- ACTION ITEM
Using the entries below, copy exactly each line from the line with "Но деть попробовал" up to and including the line with "O documento, assinado", with every picture left out.

- DATASET RECORDS
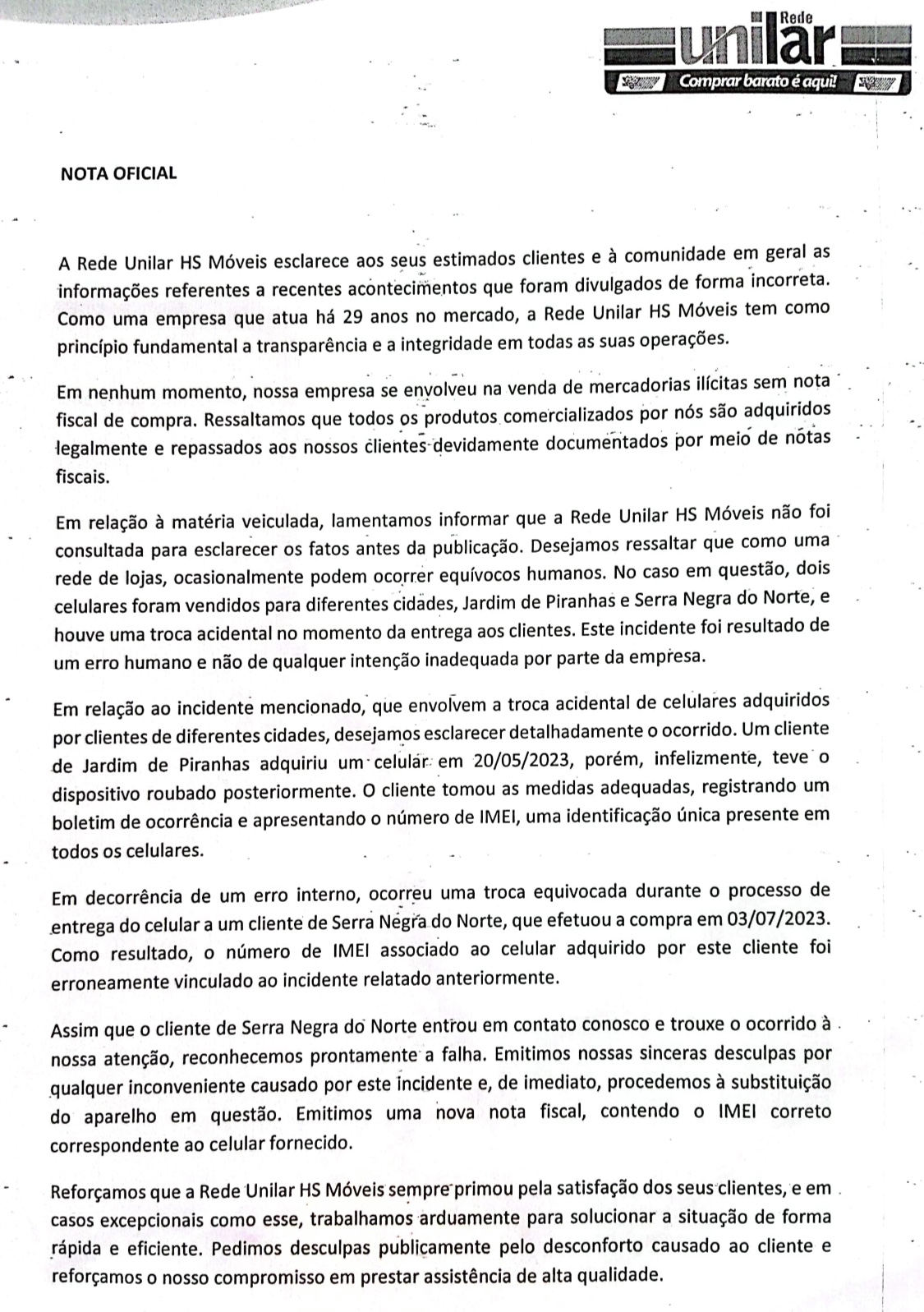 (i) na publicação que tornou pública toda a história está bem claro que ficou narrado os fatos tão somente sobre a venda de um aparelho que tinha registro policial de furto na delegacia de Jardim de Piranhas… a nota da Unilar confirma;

==

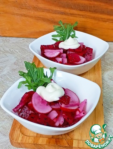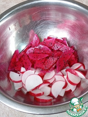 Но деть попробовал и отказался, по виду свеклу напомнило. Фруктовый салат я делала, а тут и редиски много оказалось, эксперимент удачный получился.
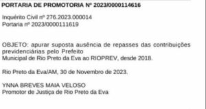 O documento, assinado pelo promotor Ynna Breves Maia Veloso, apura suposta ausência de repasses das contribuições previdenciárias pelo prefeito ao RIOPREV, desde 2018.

* * *

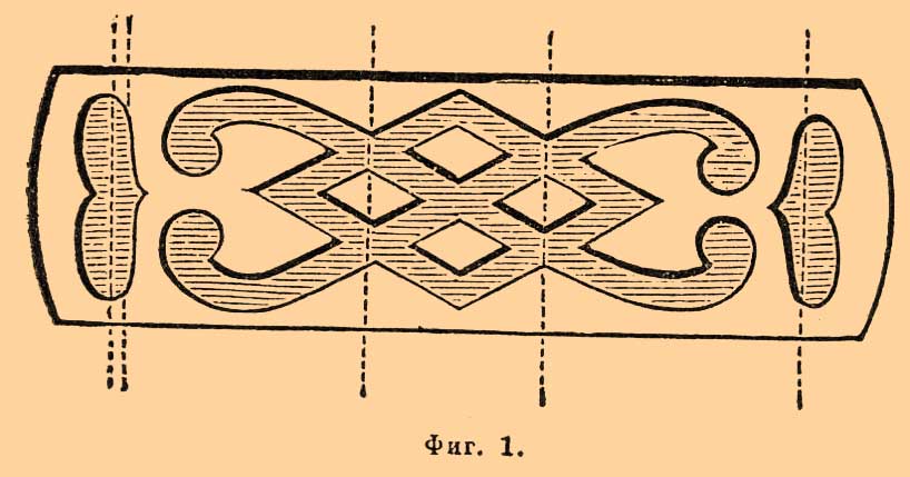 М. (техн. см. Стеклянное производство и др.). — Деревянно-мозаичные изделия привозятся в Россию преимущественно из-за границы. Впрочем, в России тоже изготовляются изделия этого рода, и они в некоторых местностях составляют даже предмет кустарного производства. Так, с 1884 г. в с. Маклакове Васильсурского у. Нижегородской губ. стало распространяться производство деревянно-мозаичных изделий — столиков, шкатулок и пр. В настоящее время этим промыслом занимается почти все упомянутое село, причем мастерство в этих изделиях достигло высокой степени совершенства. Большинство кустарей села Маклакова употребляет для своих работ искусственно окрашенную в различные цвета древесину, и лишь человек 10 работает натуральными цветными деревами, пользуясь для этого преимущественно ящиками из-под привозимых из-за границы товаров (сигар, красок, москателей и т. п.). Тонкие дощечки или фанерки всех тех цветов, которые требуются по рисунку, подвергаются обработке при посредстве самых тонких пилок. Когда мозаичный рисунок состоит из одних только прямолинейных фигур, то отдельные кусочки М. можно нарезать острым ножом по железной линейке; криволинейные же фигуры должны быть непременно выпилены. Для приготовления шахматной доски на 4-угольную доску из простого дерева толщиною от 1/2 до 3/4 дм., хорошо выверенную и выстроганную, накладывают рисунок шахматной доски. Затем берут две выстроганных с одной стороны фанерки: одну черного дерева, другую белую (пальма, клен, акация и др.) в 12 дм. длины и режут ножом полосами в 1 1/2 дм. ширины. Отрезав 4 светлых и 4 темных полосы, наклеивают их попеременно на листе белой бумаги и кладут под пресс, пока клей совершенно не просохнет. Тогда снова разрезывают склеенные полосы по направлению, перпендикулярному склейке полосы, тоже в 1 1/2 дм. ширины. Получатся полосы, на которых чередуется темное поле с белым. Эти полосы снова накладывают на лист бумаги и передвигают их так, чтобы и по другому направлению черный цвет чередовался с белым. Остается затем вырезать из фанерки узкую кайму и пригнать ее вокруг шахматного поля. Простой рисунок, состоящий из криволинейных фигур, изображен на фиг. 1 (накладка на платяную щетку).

- EXERCISE OUTPUT
 Но деть попробовал и отказался, по виду свеклу напомнило. Фруктовый салат я делала, а тут и редиски много оказалось, эксперимент удачный получился.
 O documento, assinado pelo promotor Ynna Breves Maia Veloso, apura suposta ausência de repasses das contribuições previdenciárias pelo prefeito ao RIOPREV, desde 2018.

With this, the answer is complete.